**What you are asked to do**
The reply should hold only the lines below beginning at the one with "I ordered flowers" and ending at the one with "Площадь 54.70 м²", copied exactly, with every picture left out.

**Extracted material**
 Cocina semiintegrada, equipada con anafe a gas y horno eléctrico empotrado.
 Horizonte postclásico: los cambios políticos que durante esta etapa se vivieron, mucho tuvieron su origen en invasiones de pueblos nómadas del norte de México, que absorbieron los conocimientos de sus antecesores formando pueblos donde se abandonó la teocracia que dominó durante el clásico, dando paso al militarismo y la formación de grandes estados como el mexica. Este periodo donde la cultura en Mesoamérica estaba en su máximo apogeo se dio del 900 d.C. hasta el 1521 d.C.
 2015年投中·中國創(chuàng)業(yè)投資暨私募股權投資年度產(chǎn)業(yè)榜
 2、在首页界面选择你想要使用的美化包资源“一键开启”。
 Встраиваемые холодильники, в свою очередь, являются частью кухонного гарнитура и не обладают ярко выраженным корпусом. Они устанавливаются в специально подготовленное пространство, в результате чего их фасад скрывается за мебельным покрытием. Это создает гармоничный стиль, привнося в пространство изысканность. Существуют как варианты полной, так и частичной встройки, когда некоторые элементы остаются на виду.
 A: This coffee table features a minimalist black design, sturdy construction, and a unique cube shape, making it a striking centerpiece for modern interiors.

==

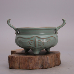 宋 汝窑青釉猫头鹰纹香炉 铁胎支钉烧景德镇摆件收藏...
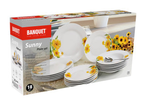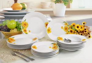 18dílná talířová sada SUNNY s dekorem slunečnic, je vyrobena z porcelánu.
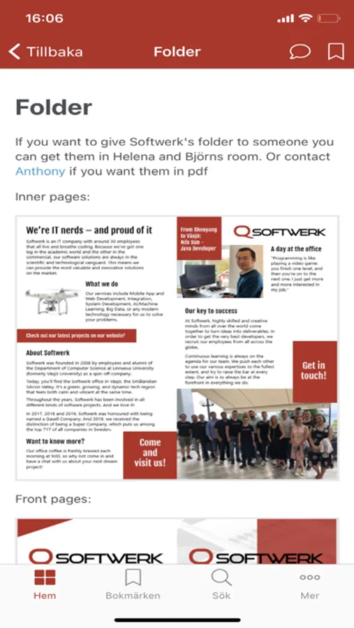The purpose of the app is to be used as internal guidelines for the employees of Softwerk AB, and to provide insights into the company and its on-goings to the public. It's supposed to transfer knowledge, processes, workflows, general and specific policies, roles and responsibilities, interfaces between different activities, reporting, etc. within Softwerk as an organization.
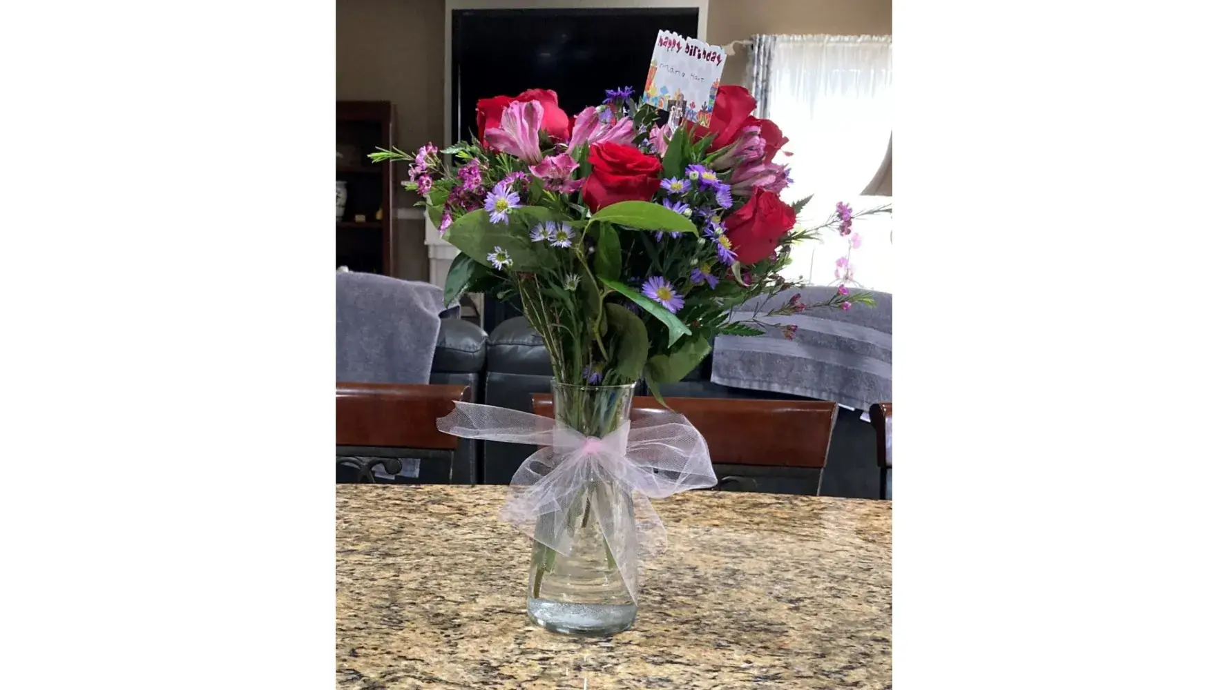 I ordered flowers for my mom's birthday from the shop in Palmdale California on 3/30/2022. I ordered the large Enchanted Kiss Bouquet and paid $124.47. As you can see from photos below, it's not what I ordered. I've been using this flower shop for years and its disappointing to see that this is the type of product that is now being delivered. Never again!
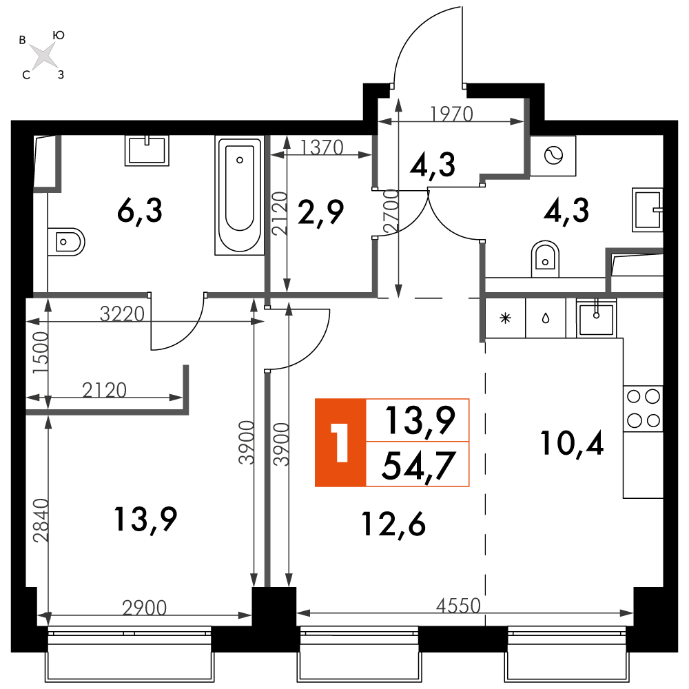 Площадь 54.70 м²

**Problem solution**
 I ordered flowers for my mom's birthday from the shop in Palmdale California on 3/30/2022. I ordered the large Enchanted Kiss Bouquet and paid $124.47. As you can see from photos below, it's not what I ordered. I've been using this flower shop for years and its disappointing to see that this is the type of product that is now being delivered. Never again!
 Площадь 54.70 м²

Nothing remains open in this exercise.